[GSoC 2008]Machine learning package in SciPy
Hi all, it might be a good idea to have a machine learning(ML) package in SciPy. As I understand there are some ML code in SciKits, but it is in raw state? There are a lot of machine learning projects, with its own data format, number of classifiers, feature selection algorithms and benchmarks. But if you want to compare your own algorithm with some others, you should convert your data format to input format of every tool you want to use and after training, you should convert output format of each tools to the single format to have facility to compare results(for example you want to see common which features was selected by different tools). Now I'm analyzing different ML approaches for the special case of text classification problem. I couldn't find ML framework appropriate for my task. I've got two simple requirements for this framework. It should support sparse data format and has at least svm classifier.
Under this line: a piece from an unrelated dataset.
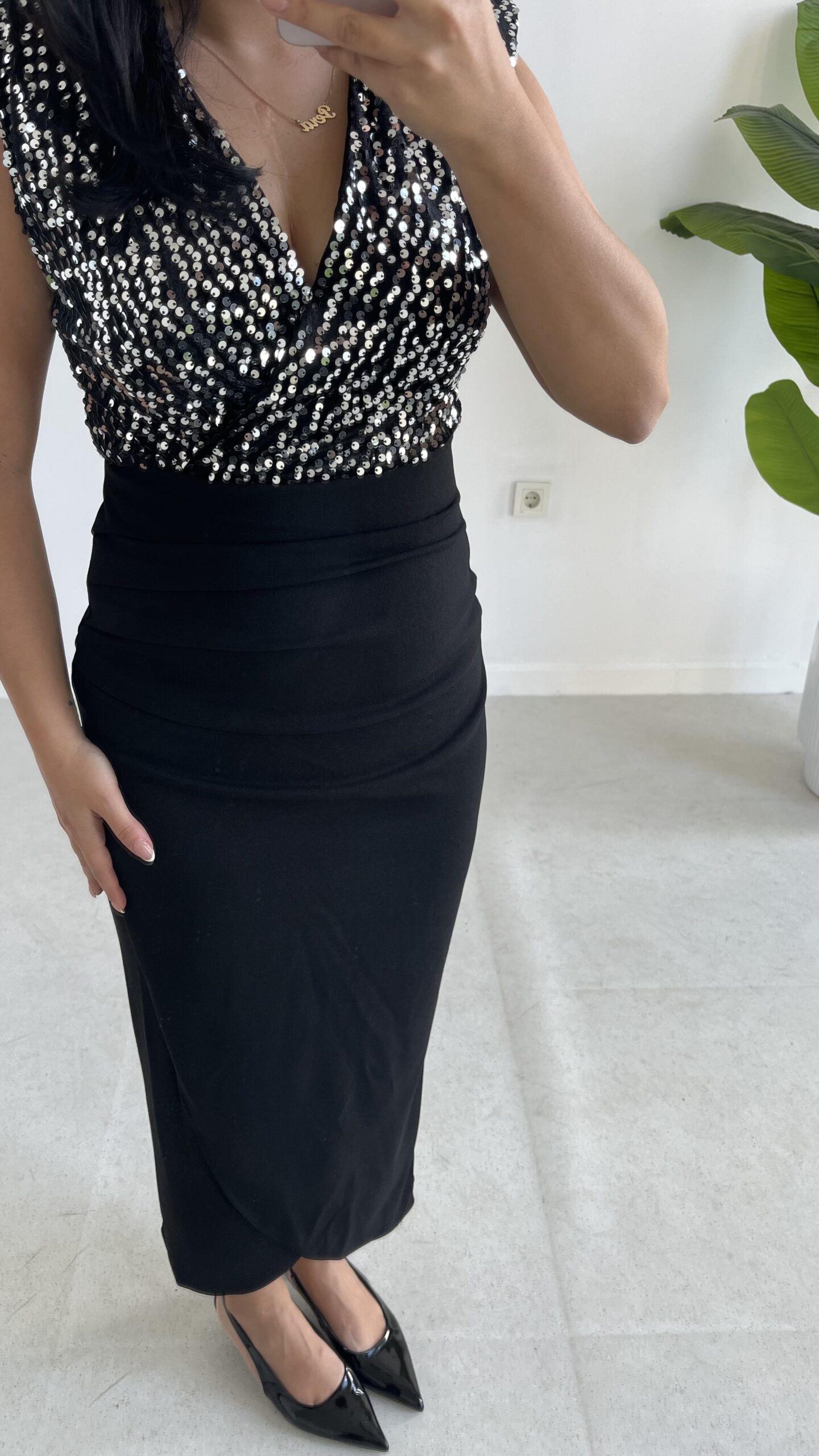 Pul Payet Kruvaze Anvelop Elbise – Gümüş

For example, Orange [1] is a vary good data mining project but has poor sparse format support. PyML [2] has all needed features, but there are problems with installation on different platforms and code design is not perfect. I believe that creation framework, which will be convenient for scientist to integrate their algorithms to it, is a vary useful challenge. Scientists often talk about standard machine learning software[3] and may be SciPy will be appropriate platform for developing such software. I can write detailed proposal, but I want to see is it interesting for someone? Any wishes and recommendations? 1. Orange http://magix.fri.uni-lj.si/orange/ 2. PyML http://pyml.sourceforge.net/ 3. The Need for Open Source Software in Machine Learning http://www.jmlr.org/papers/volume8/sonnenburg07a/sonnenburg07a.pdf -- Anton Slesarev
Hi, David Cournapeau is maintaining the learn scikit. This is the main place where machine learning code will be put. For instance, there are classifiers (SVMs with libsvm) and there will be in the near future the more used manifold learning techniques. I didn't understand what you meant by "you want to see common which features was selected by different tools". Sparse matrix support must be made at the C level for libsvm, you would have to ask Albert who wrapped libsvm. For the manifold learning code, techniques that can support sparse matrices support them (for instance Laplacian Eigenmaps). Matthieu 2008/3/11, Anton Slesarev <slesarev.anton@gmail.com>:
Hi all,
it might be a good idea to have a machine learning(ML) package in SciPy. As I understand there are some ML code in SciKits, but it is in raw state?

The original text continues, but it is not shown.